Instructions for the task: Your answer must be an exact copy of the data below, minus any pictures.

Supplied data:
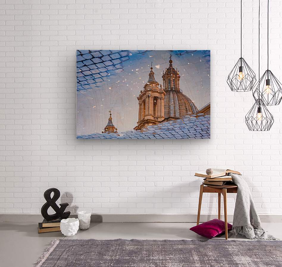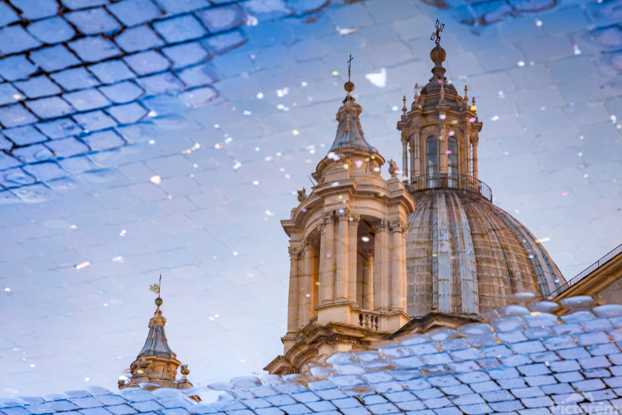Sant Agnese in Agone lit up by setting sun in Piazza Navona reflected in puddle
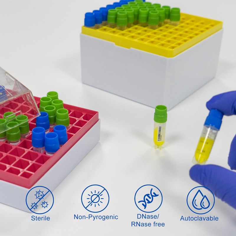- FEATURES - Clear vials with black graduation marks and white writing area for easy labeling; Sterilisation and free from RNase, DNase, endotoxin, and foreign DNA for reliable experiments; Stable from -196℃ to 121℃
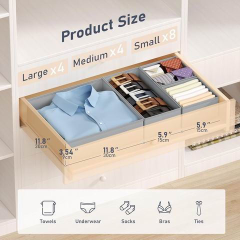 采用优质无纺布外层,内置加厚纸板支撑更稳固;底部双缝线拉链结构,几秒即可展开使用,不用时可折叠平放省空间。包含4个大号30×30×9cm、4个中号30×15×9cm和8个小号15×15×9cm,可按衣物类别分区整理,适用于衣柜、卧室或书架等场景,大号适合文胸内衣,中号可收纳内裤、袜子、围巾、瑜伽裤或化妆品,小号用于领带及各类小配件与办公用品;拉链式底部设计免额外放置底板,安装更省事。
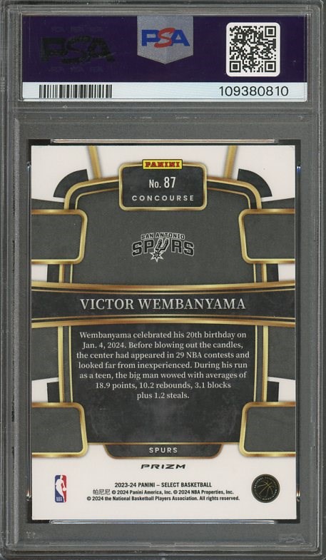 2023 Panini Select Victor Wembanyama Orange Flash RC #87 PSA GEM MINT 10

Result of the task:
Sant Agnese in Agone lit up by setting sun in Piazza Navona reflected in puddle
- FEATURES - Clear vials with black graduation marks and white writing area for easy labeling; Sterilisation and free from RNase, DNase, endotoxin, and foreign DNA for reliable experiments; Stable from -196℃ to 121℃
 采用优质无纺布外层,内置加厚纸板支撑更稳固;底部双缝线拉链结构,几秒即可展开使用,不用时可折叠平放省空间。包含4个大号30×30×9cm、4个中号30×15×9cm和8个小号15×15×9cm,可按衣物类别分区整理,适用于衣柜、卧室或书架等场景,大号适合文胸内衣,中号可收纳内裤、袜子、围巾、瑜伽裤或化妆品,小号用于领带及各类小配件与办公用品;拉链式底部设计免额外放置底板,安装更省事。
 2023 Panini Select Victor Wembanyama Orange Flash RC #87 PSA GEM MINT 10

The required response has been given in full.